Task instructions:
Transcribe the data in full and exactly, omitting any pictures.
START Data extract
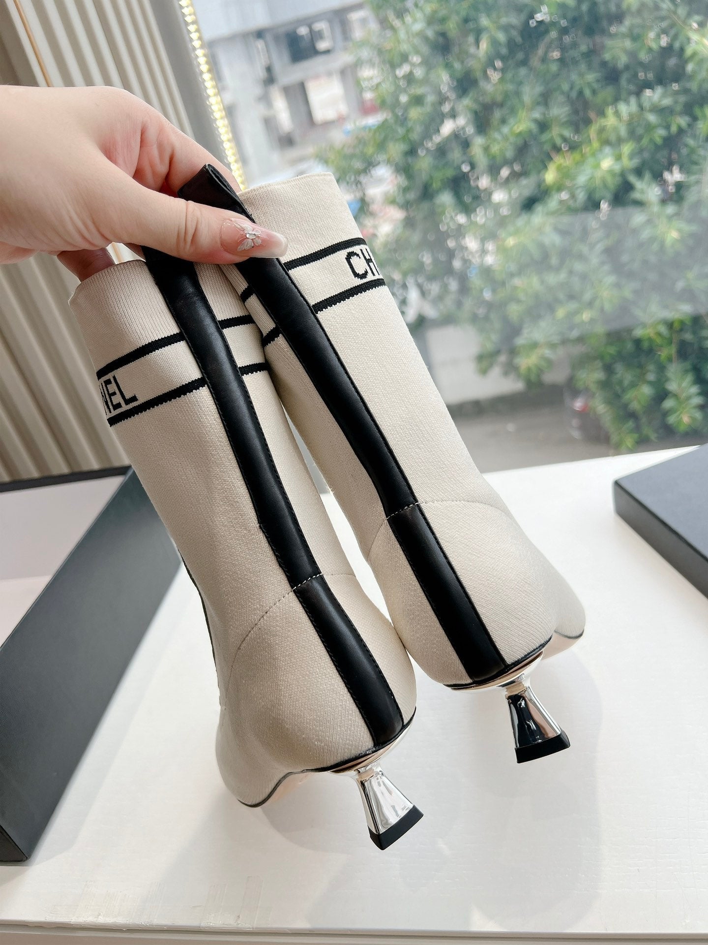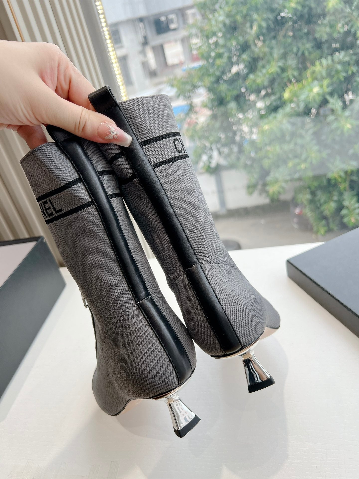 Chan*** 2025 new high quality VIP1:1 autumn and winter British style Chanel elastic knitted short boots
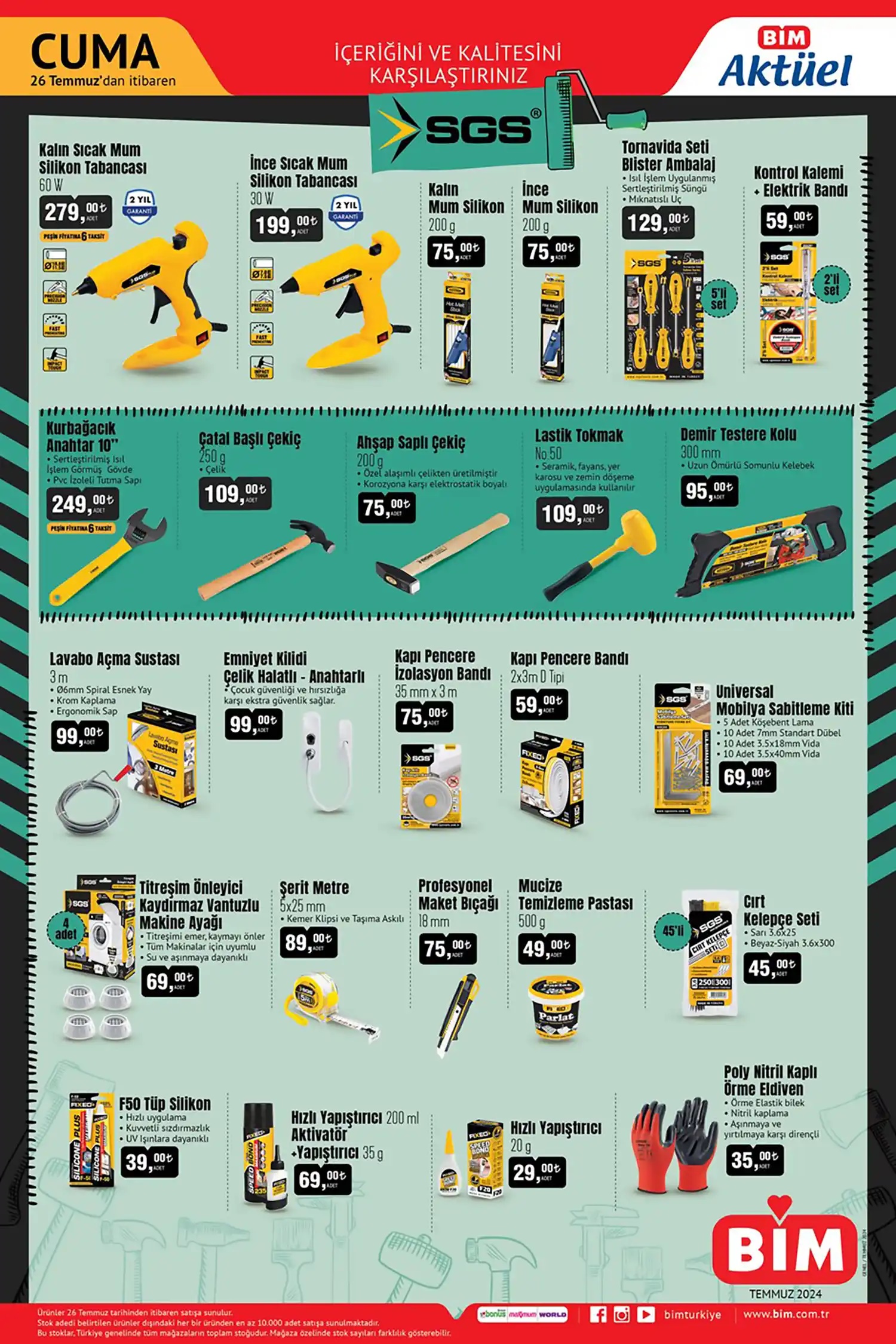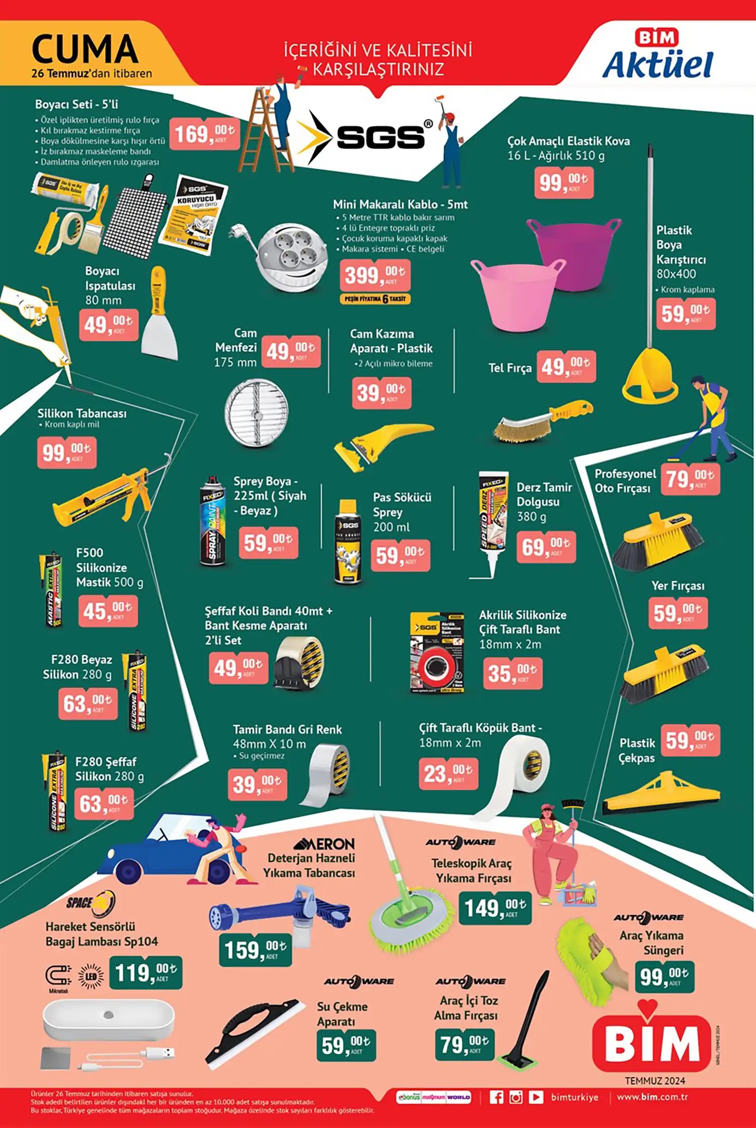 Çatal başlı çekiç 109 TL, ahşap saplı çekiç 75 TL, Lastik tokmak için 109 TL, demir testere kutusu 95 TL, lavabo açma sustasında 99 TL, emniyet kilidi çelik halatlı – anahtarlı ürününde 99 TL, kapı pencere bandında 59 TL, Silikon tabancası 99 TL, sprey boyada 59 TL fiyat sunuyor. Derz tamir dolgusunu 69 TL, profesyonel oto fırçası 79 TL, hareket sensörlü bagaj lambası için 119 TL , deterjan hazneli yıkama tabancası 159 TL Araç yıkama süngerin 9 TL, araç içi toz alma fırçası 79 TL.
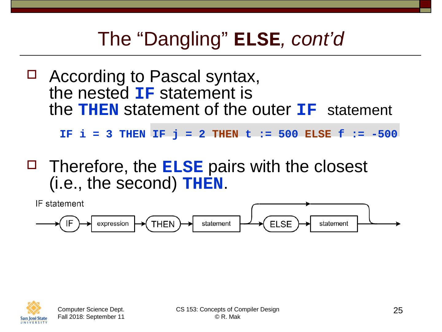 25 .25 The “ Dangling ” ELSE , cont’d According to Pascal syntax, the nested IF statement is the THEN statement of the outer IF statement IF i = 3 THEN IF j = 2 THEN t := 500 ELSE f := -500 Therefore, the ELSE pairs with the closest (i.e., the second) THEN .
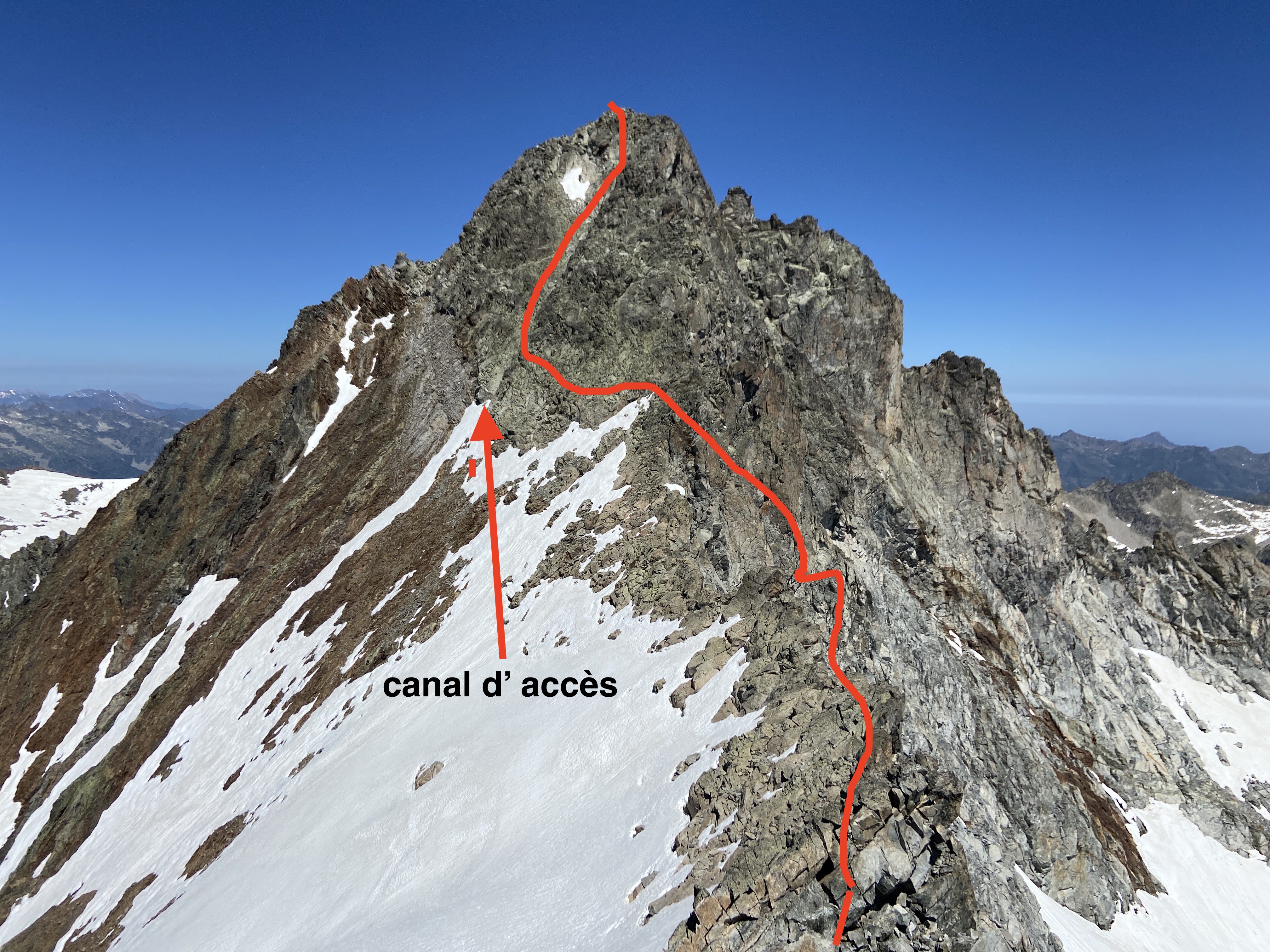 És un cim preciós, ja des de lluny és maco. Un cop a dalt convè mirar cap a Oest per mirar on hem d' anar. Hem d'anar a buscar un coll amb unes pedres vermelles que es veu des del cim, per fer-ho baixarem pel mateix lloc i un cop en aquest coll anirem pel fil de l' aresta vers Oest, és fàcil, la roca en aquest 2 tram de cresta no és tant bona com del Maou al pic Long, però es fa bé. No baixeu més del compte que sinó tindreu un percal de nassos !!
END Data extract
Answer to this exercise:
 Chan*** 2025 new high quality VIP1:1 autumn and winter British style Chanel elastic knitted short boots
 Çatal başlı çekiç 109 TL, ahşap saplı çekiç 75 TL, Lastik tokmak için 109 TL, demir testere kutusu 95 TL, lavabo açma sustasında 99 TL, emniyet kilidi çelik halatlı – anahtarlı ürününde 99 TL, kapı pencere bandında 59 TL, Silikon tabancası 99 TL, sprey boyada 59 TL fiyat sunuyor. Derz tamir dolgusunu 69 TL, profesyonel oto fırçası 79 TL, hareket sensörlü bagaj lambası için 119 TL , deterjan hazneli yıkama tabancası 159 TL Araç yıkama süngerin 9 TL, araç içi toz alma fırçası 79 TL.
 25 .25 The “ Dangling ” ELSE , cont’d According to Pascal syntax, the nested IF statement is the THEN statement of the outer IF statement IF i = 3 THEN IF j = 2 THEN t := 500 ELSE f := -500 Therefore, the ELSE pairs with the closest (i.e., the second) THEN .
 És un cim preciós, ja des de lluny és maco. Un cop a dalt convè mirar cap a Oest per mirar on hem d' anar. Hem d'anar a buscar un coll amb unes pedres vermelles que es veu des del cim, per fer-ho baixarem pel mateix lloc i un cop en aquest coll anirem pel fil de l' aresta vers Oest, és fàcil, la roca en aquest 2 tram de cresta no és tant bona com del Maou al pic Long, però es fa bé. No baixeu més del compte que sinó tindreu un percal de nassos !!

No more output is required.